Как ни страшна была Тайная канцелярия, как ни слепо выполнялись ее указы не только отдельными лицами, но и разными правительственными учреждениями, все-таки была иной раз и оппозиция: так в настоящем случае, в деле рассылки штрафованных баб, Синод решительно не согласился дать даже одной из них место в монастыре. „Святейший Синод, по согласному своему приговору, — отписывался в Тайную обер-секретарь Синода, — велел оную бабу Акулину не токмо в тот Успенской, но и в прочие девичьи монастыри не принимать, понеже она свет-скаго чину, а не монахиня. И между монахинями, благочинно житие препровождающими, таковым непотребным за вины их осужденным бабам быть весьма неприлично, а особливо оный Успенский девичий монастырь содержится под собственным призрением ея величества, императрицы Екатерины Алексеевны, и без указу ея величества, хотя бы и из монахинь, никого туда определять вновь невозможно. Также и в других монастырях, которые по духовному регламенту затворены, принимать ее не надлежит, ибо не токмо таким бабам, в излишестве присылаемым, но и монахиням, издавно безпорочно пребывающим, зело нуждное во многих местех пропитание находится. А таких баб, за вины в работу определяемыя, надлежит отсылать куды пристойно кроме монастырей, чтобы монашескому чину напрасной от того тщеты не происходило…“
Прочитав многоглаголивое объяснение иерархов церкви, объяснение, впрочем, опершееся на указ государя, Тайная канцелярия опять попыталась предложить в казенные работы всех трех баб, если же их опять „примать не будут, то всех трех баб свободить с запискою на волю“, сказав им обычный указ о молчании.
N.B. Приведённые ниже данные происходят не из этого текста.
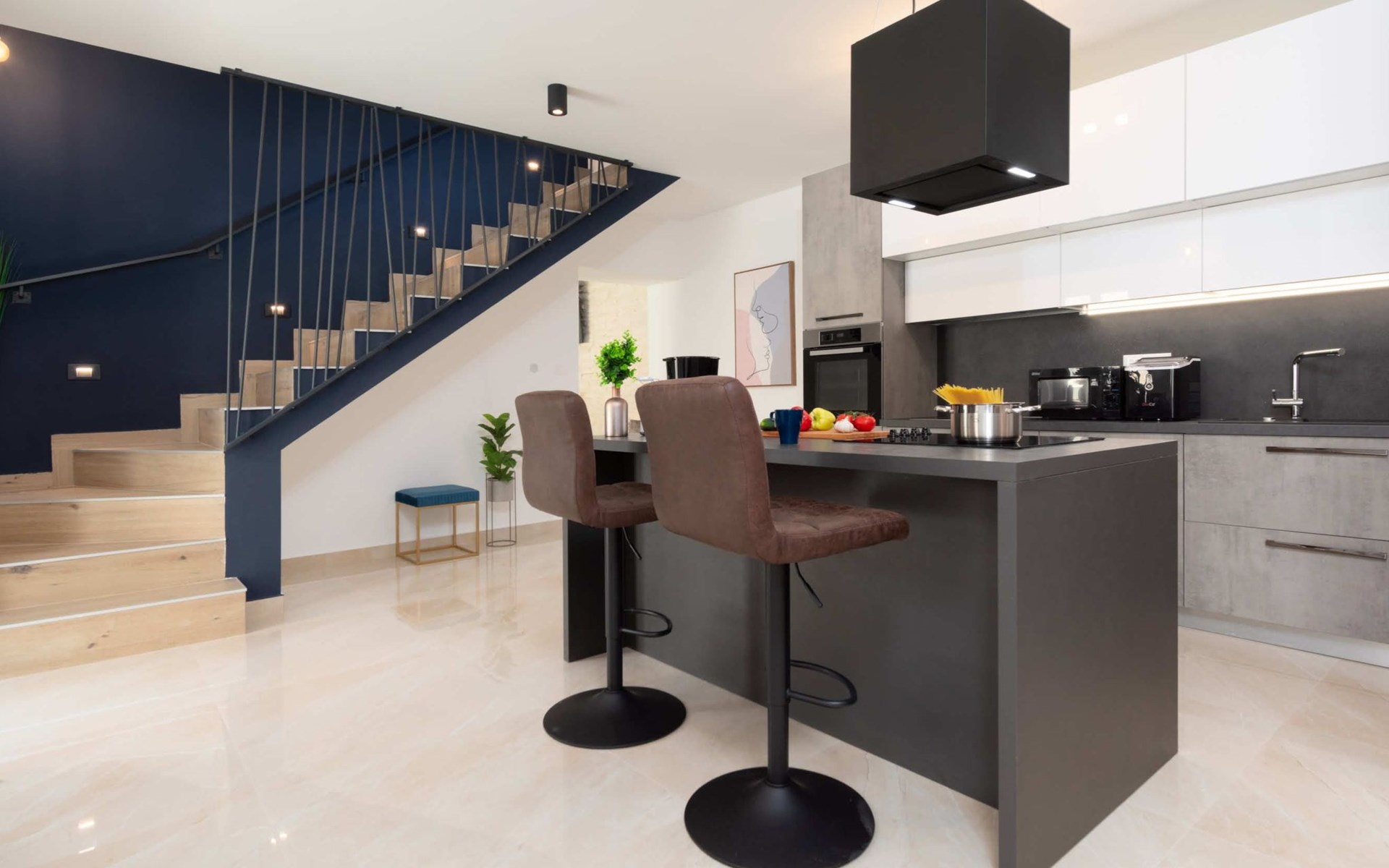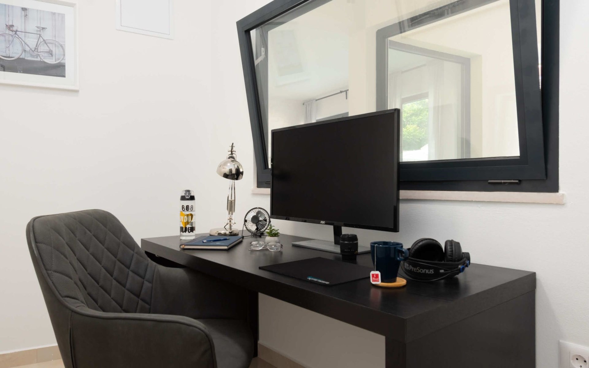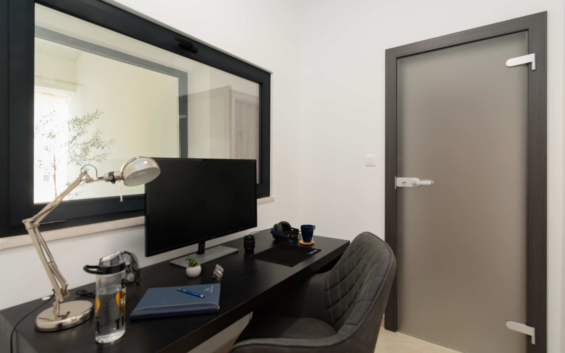 Inside, Villa Simone is a haven of comfort and luxury spread across two floors. The ground floor boasts a spacious, air-conditioned living area with a large sofa that doubles as a sleeping area for two, complemented by additional seating, a small desk, a USB-C outlet for charging devices, and dimmable LED lights. Entertainment is guaranteed with a 70-inch satellite smart TV offering 4K resolution and complimentary Netflix & Prime Video. The adjoining kitchen is fully equipped with an oven, dishwasher, fridge, freezer, electric stoves, kitchen hoods, and much more, ensuring you have everything you need at your fingertips. A separate dining room with large windows, a dedicated TV, and air conditioning offers the perfect setting for meals, while other spaces on the ground floor include a bedroom with pool views, a laundry room, a stylish bathroom, and a dedicated office space.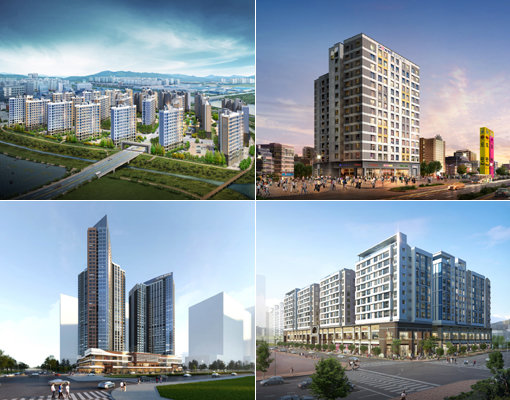 남악 센트레빌 리버파크-성남모란역 지웰에스테이트 오피스텔-민락2지구 제일풍경채 센텀-송도 랜드마크 푸르지오 시티(왼쪽 상단부터 시계 방향으로).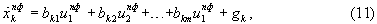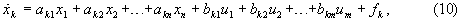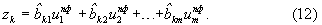 где индекс k указывает номер строки уравнения (1). Отклик (термин регрессионного анализа) является реакцией на все сигналы в правой части уравнения (10). Для сокращения числа оцениваемых параметров необходимо выделить из сигнала отклика составляющую, являющуюся реакцией только на сигналы управления.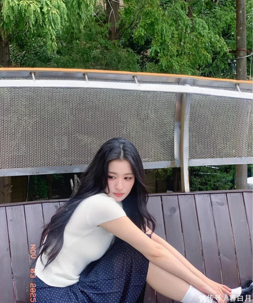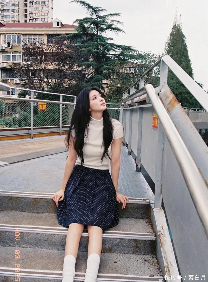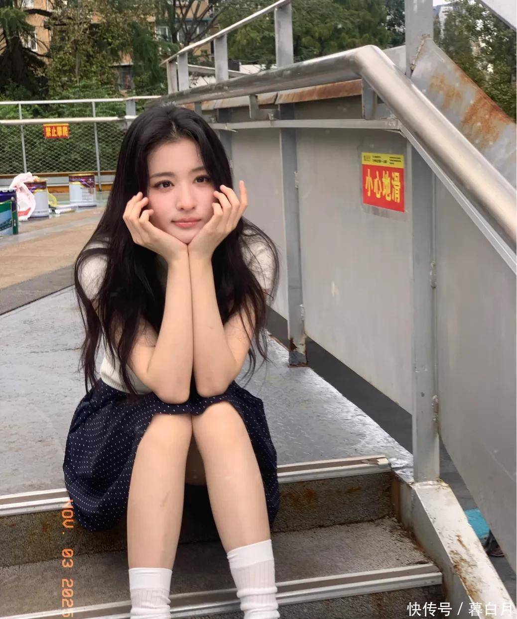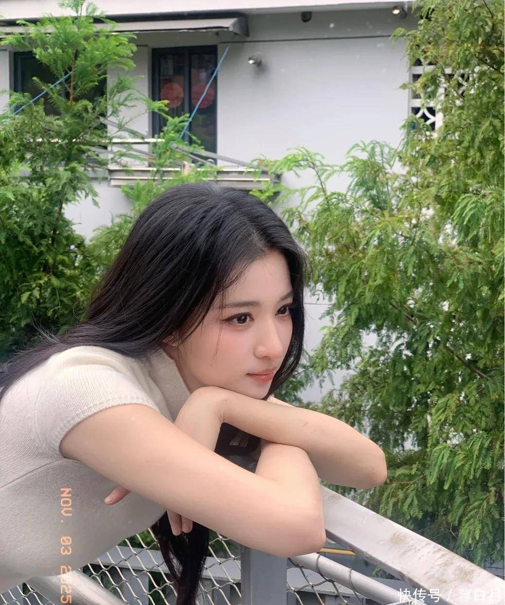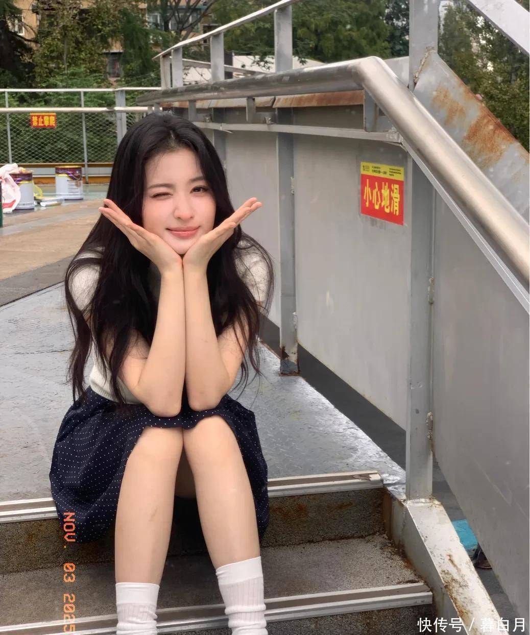再说说她的五官,属于那种越看越好看的“耐看型”。她眼睛又大又亮,笑起来弯弯的,就像月牙一样,透着一股天然的娇憨。鼻梁挺直,嘴唇粉嫩又饱满,整体看起来精致又没有攻击性,让人忍不住就想亲近。

Но отчего ж не принять даровых, хотя и сеченных работниц?
На предложение это Мануфактур-коллегия отвечала: „Бабы эти стары, а у нас мануфактурные все фабрики отданы на откуп кумпанейщикам, посадским людям, и те кумпанейщики оных баб за старостию не принимают для того, что работать эти бабы не могут, а кормить их кумпанейщикам от себя без работы неможно“.
„А у нас, — отозвалась на промеморию Адмиралтейс-коллегия, — прядильных дворов нет, а есть только парусная фабрика, но на те фабрики не токмо тех старых и притом пытанных баб, но и моложе их принимать не велено“.
Этот приказ о неприеме штрафованных женщин не распространялся на фабрики кумпанейщиков, но действительно они принимали только способных к работе… Вот, например, зайдем вслед за наблюдательным Берхгольцом в одну из обширнейших и богатейших в то время фабрик в Москве — купца-кумпаней-щика Тамсена.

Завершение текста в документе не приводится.